I have a dataset contains 3 different vars like this:
id gender phase
a1 m 1
a1 m 2
a1 m 3
b2 m 1
b2 f 2
b2 m 3
c3 f 1
c3 f 2
c3 f 3
...
Notice that for id==b2, phase==2, the gender is accidentally marked as "f", it should be consistent with other phases as gender=="m" because the gender cannot be changed during the study phases.So if I want to run a R code to detect which ids have such issue, how should I accomplish that goal? Thanks a lot~~
CodePudding user response:
With dplyr
, you could detect which ids have more than one genders with n_distinct()
.
library(dplyr)
df %>%
group_by(id) %>%
filter(n_distinct(gender) > 1) %>%
ungroup()
# # A tibble: 3 × 3
# id gender phase
# <chr> <chr> <int>
# 1 b2 m 1
# 2 b2 f 2
# 3 b2 m 3
CodePudding user response:
You can use lag
to check if the value changed in the column and filter
the id that have a change like this:
df <- read.table(text="id gender phase
a1 m 1
a1 m 2
a1 m 3
b2 m 1
b2 f 2
b2 m 3
c3 f 1
c3 f 2
c3 f 3", header = TRUE)
library(dplyr)
df %>%
group_by(id) %>%
filter(any(gender != lag(gender)))
#> # A tibble: 3 × 3
#> # Groups: id [1]
#> id gender phase
#> <chr> <chr> <int>
#> 1 b2 m 1
#> 2 b2 f 2
#> 3 b2 m 3
Created on 2022-07-13 by the reprex package (v2.0.1)

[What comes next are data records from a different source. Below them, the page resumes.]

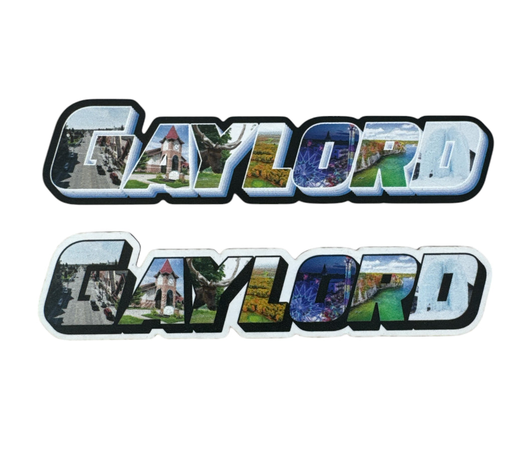 Celebrate the beauty of Gaylord, Michigan with this unique photo collage magnet! The town name "Gaylord" is creatively designed with iconic local landmarks and special spots inside each letter, capturing the essence of our hometown. Perfect for fridges, lockers, or any magnetic surface, this magnet is a great keepsake for locals and visitors alike!
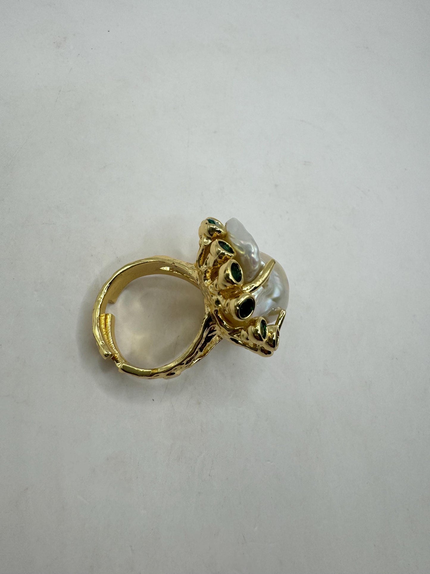 Vintage Biwa Pearl Ring Golden 925 Sterling Silver Cocktail Statement Adjustable
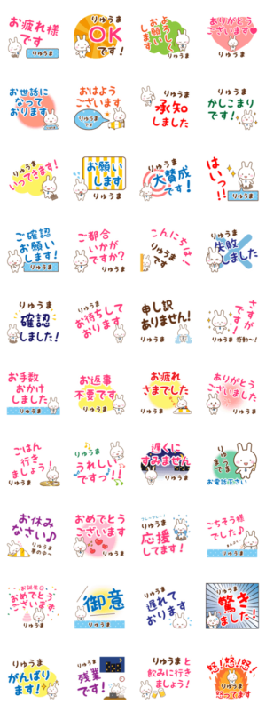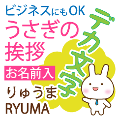 りゅうま様用うさぎデカ文字挨拶!お仕事にもOK[リュウマ/琉真/龍磨/竜魔/瑠真/隆摩/竜眞/流麻/隆馬/留丸/劉魔/硫摩/柳万/笠倍/冶蒔/溜麻]名前入りスタンプ姓苗字なまえお名前入りスタンプ専用★アイシスデザイン株式会社 より発売

CodePudding user response:
id<-c("a1","a1","a1","b2","b2","b2","c3","c3","c3")
gender<-c("m","m","m","m","f","m","f","f","f")
phase<-c(1,2,3,1,2,3,1,2,3)
mydata<-data.frame(id,gender,phase)
mydata[mydata$id%in%c("a1","b2"),"gender"]<-"m"
mydata[mydata$id%in%c("c3"),"gender"]<-"f"
mydata